While the SEC has argued its method of targeting shell companies as preventive and prudential regulation, lawyers and media have criticised such a move as a regulator’s failure to find evidence of manipulation or securities fraud against controllers of shell companies, and using a selective action to defend a too-little-too-late regulatory inaction. Till date, there is no known study on the efficacy of this move, as it is difficult to measure the extent to which Operation Shell Expel averted fraud, statistically. On the other hand, the SEC failed to prove charges and found considerable difficulties in litigations against the custodianship hijackers or Shell Kings – the brains behind such shell companies or their marketers.

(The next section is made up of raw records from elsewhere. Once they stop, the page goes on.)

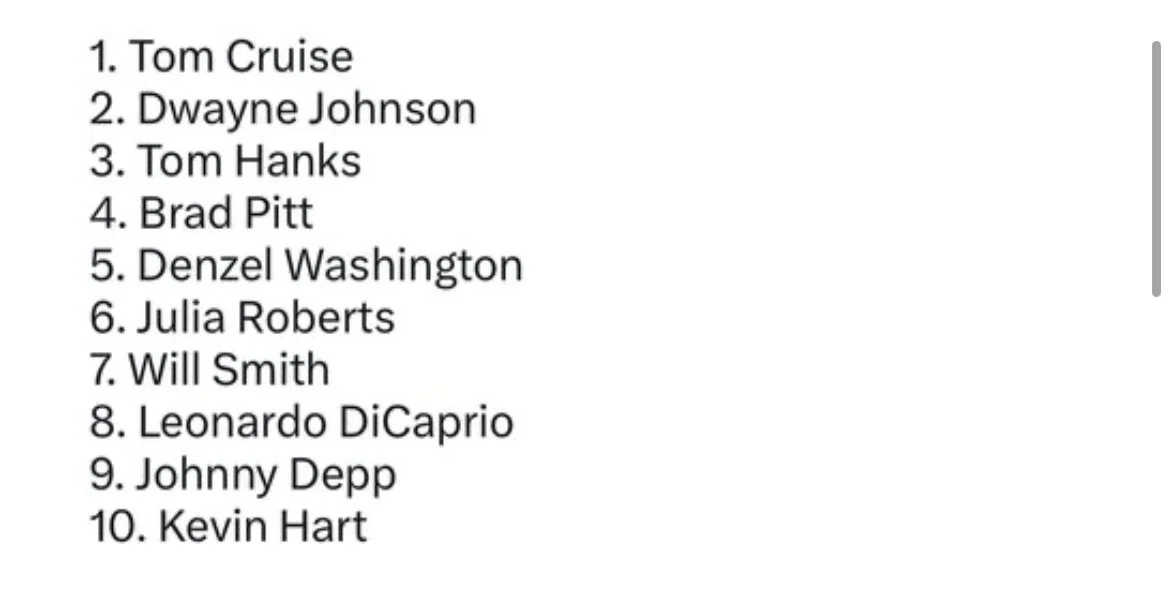 The rest I’m fine with. I’d probably replace Smith and Depp with Keanu Reeves (#11) and Sandra Bullock (#12).
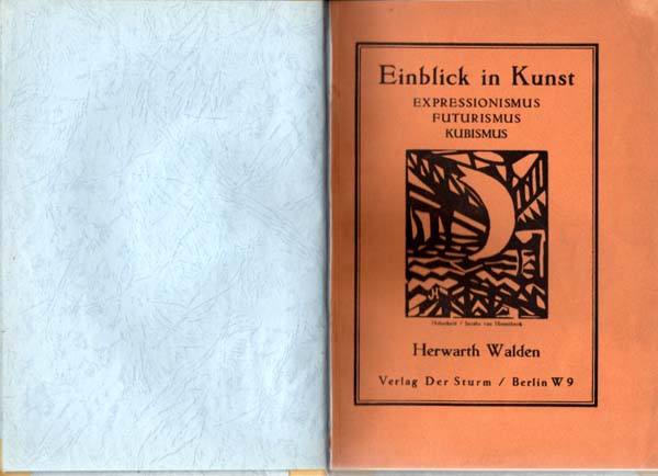 Walden, Herwarth: Einblick in Kunst. Expressionismus. Futurismus. Kubismus. Erste Auflage. Berlin. Verlag Der Sturm. 1917. 26,4 x 18,6 cm. 173 S. Illustrierter OKarton in privatem Halbleinen aufgebunden. Datumseintrag auf Vortitel. Einband etwas angestaubt. Rücken nachgedunkelt. Hinterer Buchdeckel der originalen Kartonierung fehlt. Sonst noch gutes Exemplar. Durchgehend mit schwarz-weißen Abbildungen versehen. Text in deutscher Sprache. Auf Vorsatz und Titelblatt eine Abbildung eines Holzschnittes von Jacoba van Heemskerck. Erste Auflage [W./G. 1334, 7].
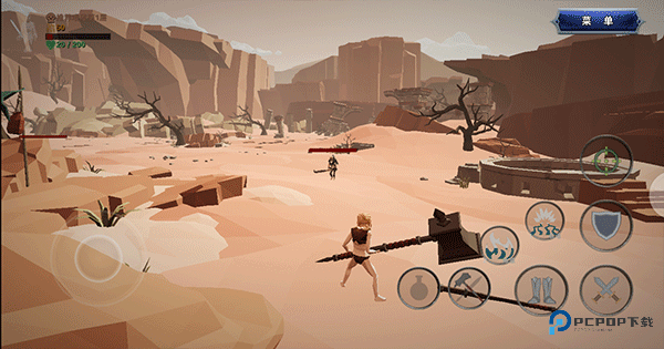 5、右下区域集中了战斗技能 —— 普攻剑刃标志、闪避翻滚图标、盾牌防御按钮,配合着用效果更好。
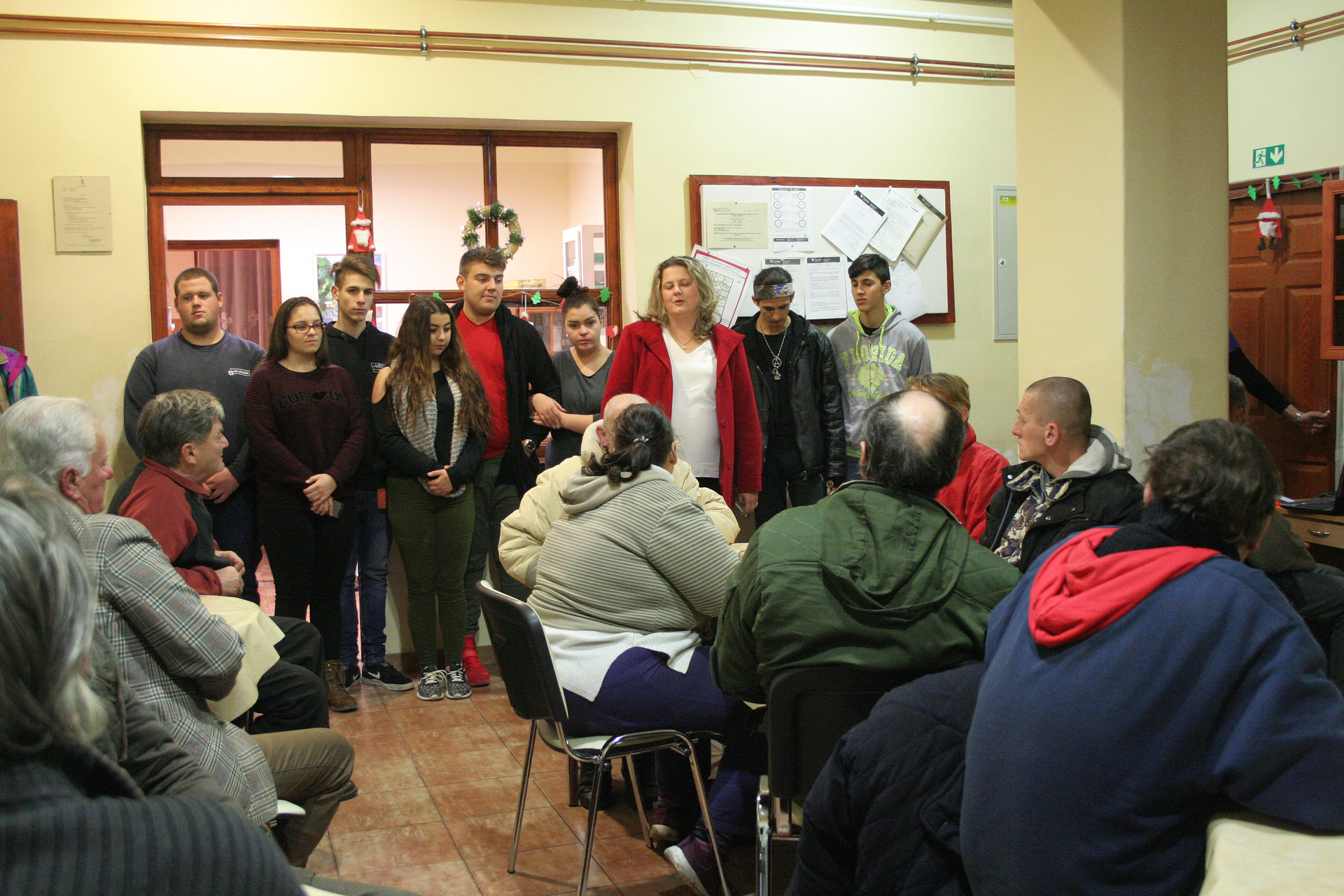 A tizedikes Haraszti Noémi és kolléganője, Jambricska Szilvia karácsonyi dalokkal, Sproch Richárd pedig saját versével kívánt boldog ünnepeket az egybegyűlteknek, akiket a velük érkező Schupkégel Edit üdvözölt. A pedagógus azt mondta, mindnyájan ugyanannak a Napnak a sugarai vagyunk, nincsenek köztünk különbségek. A diákok azért látogattak el a befogadó helyre, hogy szeretetet közvetítsenek azok felé is, akiket nem vesz körül gondoskodó család.
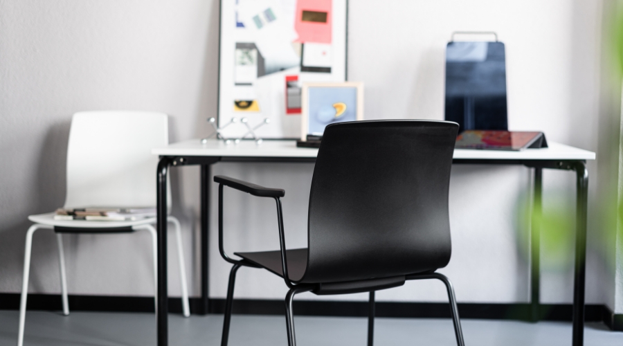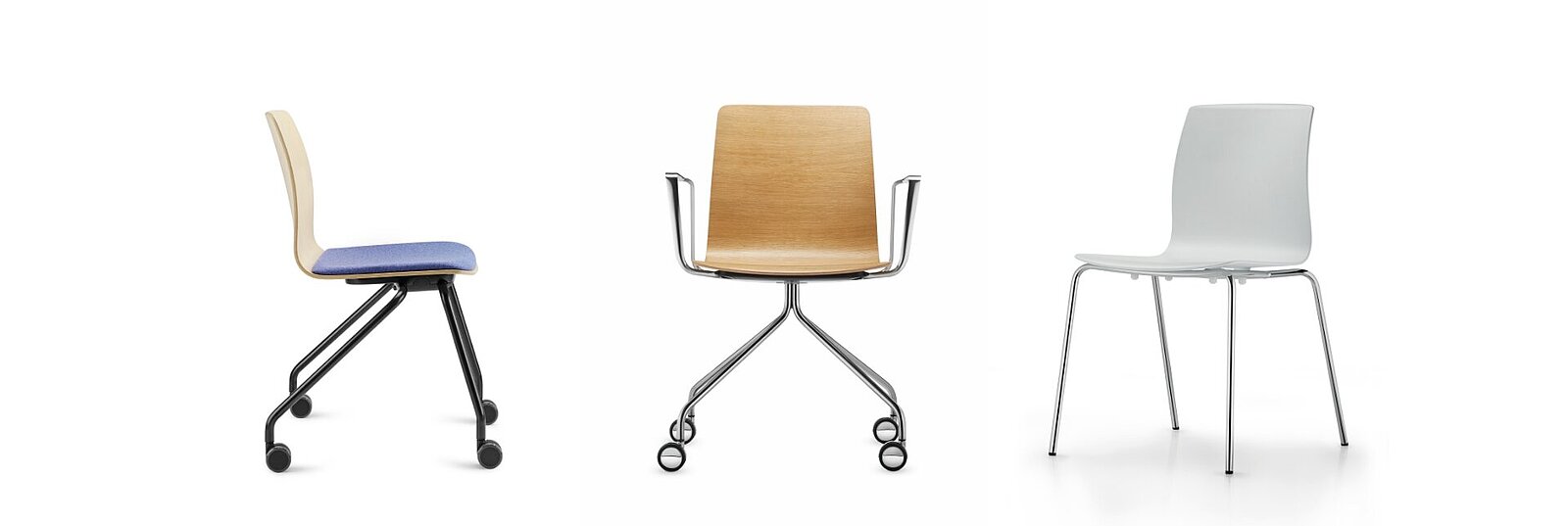 The simple, elegant seat shell gives the chair a light visual touch and, depending on the material and colour, provides bold highlights or makes a fine statement.

For SEBI, More Questions Than Answers

SEBI’s challenges are similar. Companies are likely to litigate and ask why SEBI did not think it appropriate to seek details from them, provide them a hearing or independently verify the factual position, in effect presuming everything against them. The authorities should be mindful of the seriousness of such actions, as it may raise stern questions and cast doubts about the company in the minds of investors, failing its reinforcement plans.

The regulator may face a challenge in explaining why a settled legal principle ei incumbit probatio qui dicit, non qui negat (the burden of proof is on the one who declares, not on one who denies – is the principle that one is considered innocent unless proven guilty) was given a go-by. This action is – in the absence of an inquiry, notice and hearing – certainly going to face a challenge and could be called presumptive, vague and against the principles of natural justice. Though every company in the SEBI list has been painted with the same brush, on the face of it, there are companies who are generating profit and financial reporting about them is publicly available.

On the other hand, writ courts are likely to ask whose interest this order seeks to protect.

The order itself shows little regard for minority investors or retail investors in these companies, whose shareholding has been rendered worthless.

The surprise attack by SEBI will practically result in a freeze in trading activity in these stocks, which constitutes almost 10 percent of the market. From a policy angle, should a regulator assume the role of an investment advisor to decide in their analysis if a company might turn out to be a mischievous one eventually, in the absence of finding fraud or manipulation? Additionally, a battery of regulatory lawyers should be ready to answer what is a ‘shell company’ and what constitutes ‘credentials/fundamentals of a company’?

Needless to say, while the object behind SEBI’s order is honorable, the process is questionable.

Sumit Agrawal is a partner at Suvan Law Advisors and Ex-Assistant Legal Advisor, SEBI.

The views expressed here are those of the author’s and do not necessarily represent the views of BloombergQuint or its editorial team.